§ **YOUR OBJECTIVE**: Using the data below, set down every line from the one containing "大田市では初の取り組み!花粉" through the one containing "Gem Stone King", inclusive and unchanged. Pictures are to be skipped.

§ **DATA EXTRACTS**:
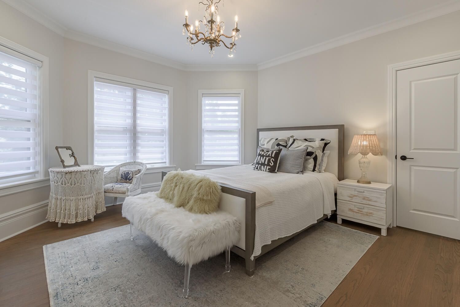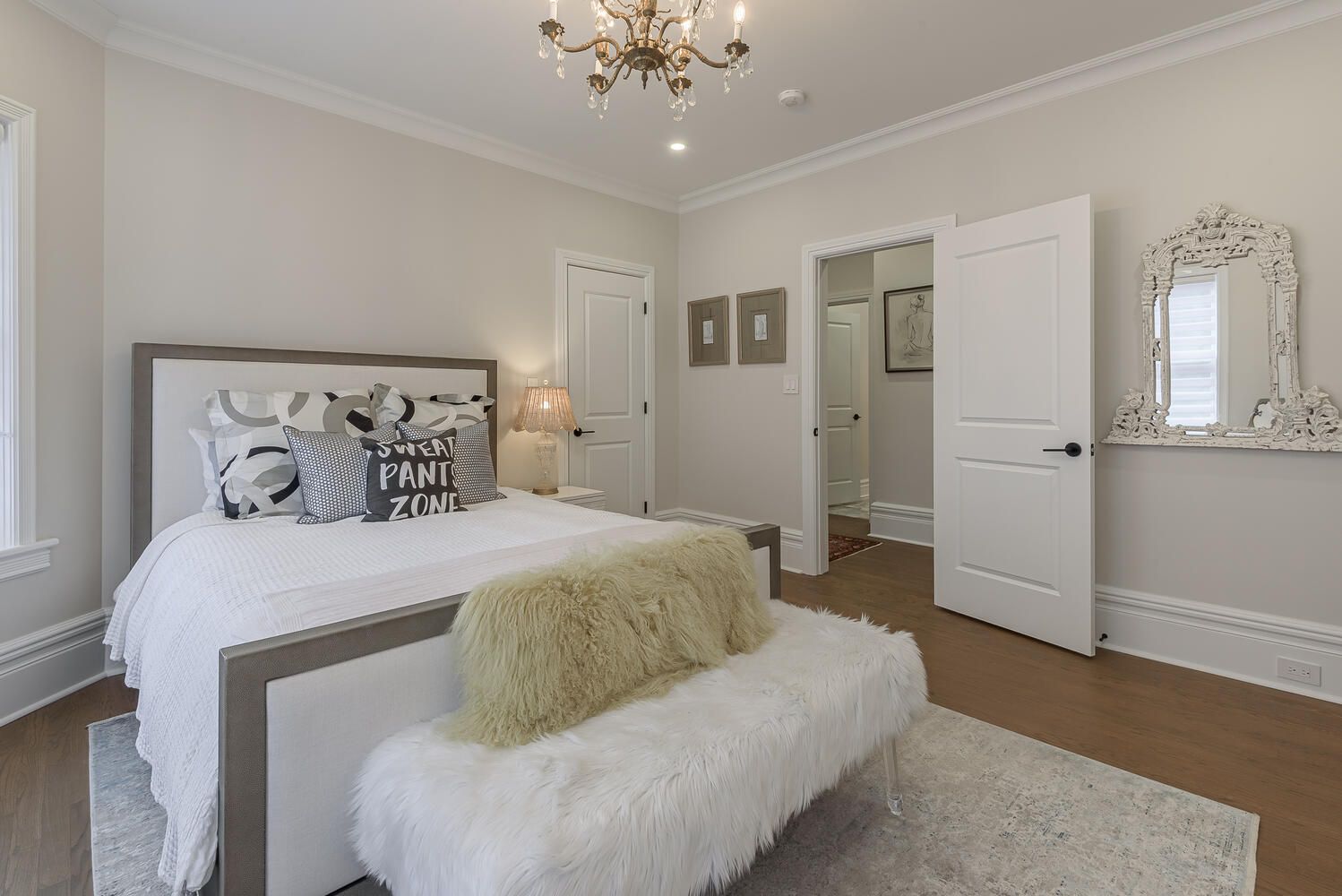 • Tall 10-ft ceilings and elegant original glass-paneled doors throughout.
==
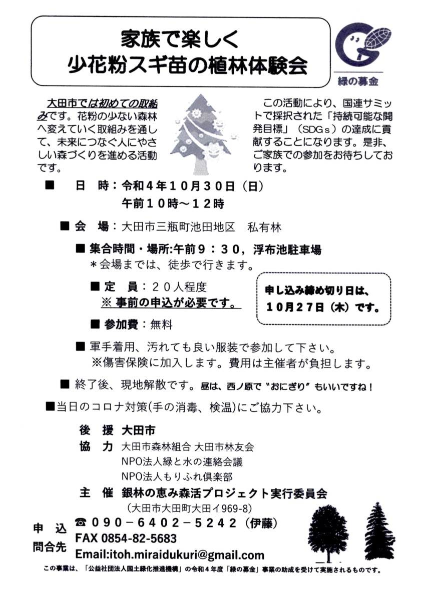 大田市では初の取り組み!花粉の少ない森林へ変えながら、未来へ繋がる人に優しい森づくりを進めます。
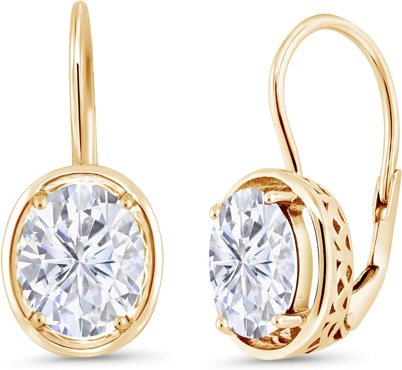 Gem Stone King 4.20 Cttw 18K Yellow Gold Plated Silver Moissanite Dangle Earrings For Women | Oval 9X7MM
* * *
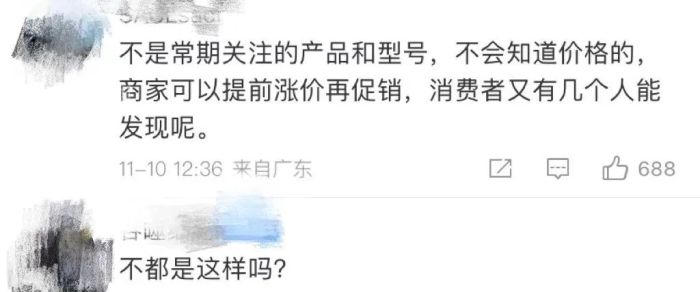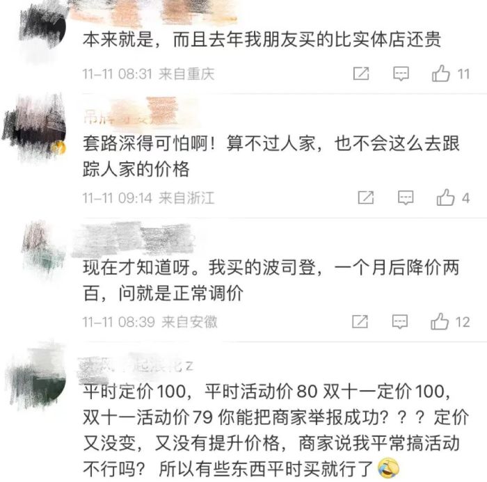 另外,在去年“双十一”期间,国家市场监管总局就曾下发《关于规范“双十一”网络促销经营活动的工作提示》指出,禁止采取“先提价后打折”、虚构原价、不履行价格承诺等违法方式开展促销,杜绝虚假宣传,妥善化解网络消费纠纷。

§ **SOLUTION FOR THIS PROBLEM**:
 大田市では初の取り組み!花粉の少ない森林へ変えながら、未来へ繋がる人に優しい森づくりを進めます。
 Gem Stone King 4.20 Cttw 18K Yellow Gold Plated Silver Moissanite Dangle Earrings For Women | Oval 9X7MM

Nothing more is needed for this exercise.